TASK DESCRIPTION ▸
Within the material below, locate the line with "Police deploy drones" and the line with "Dark Gyarados (Japanese: わるいギャラドス", then return those two lines and all lines between them, exactly as written.

____

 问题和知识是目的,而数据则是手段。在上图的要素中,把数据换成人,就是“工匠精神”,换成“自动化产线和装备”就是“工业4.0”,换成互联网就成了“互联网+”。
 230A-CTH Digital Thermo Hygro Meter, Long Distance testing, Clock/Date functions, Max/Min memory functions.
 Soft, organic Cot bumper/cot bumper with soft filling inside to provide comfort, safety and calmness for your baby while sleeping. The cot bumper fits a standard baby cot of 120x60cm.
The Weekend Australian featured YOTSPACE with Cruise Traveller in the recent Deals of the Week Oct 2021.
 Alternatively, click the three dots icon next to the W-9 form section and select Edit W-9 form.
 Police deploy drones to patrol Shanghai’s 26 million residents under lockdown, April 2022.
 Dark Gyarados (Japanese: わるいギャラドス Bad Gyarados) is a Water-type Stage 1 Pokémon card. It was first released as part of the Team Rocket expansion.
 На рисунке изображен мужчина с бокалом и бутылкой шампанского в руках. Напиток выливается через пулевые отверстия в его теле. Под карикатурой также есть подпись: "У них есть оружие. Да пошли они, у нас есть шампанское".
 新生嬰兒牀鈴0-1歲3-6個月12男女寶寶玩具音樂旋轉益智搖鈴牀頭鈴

____

WRITTEN RESPONSE ▸
 Police deploy drones to patrol Shanghai’s 26 million residents under lockdown, April 2022.
 Dark Gyarados (Japanese: わるいギャラドス Bad Gyarados) is a Water-type Stage 1 Pokémon card. It was first released as part of the Team Rocket expansion.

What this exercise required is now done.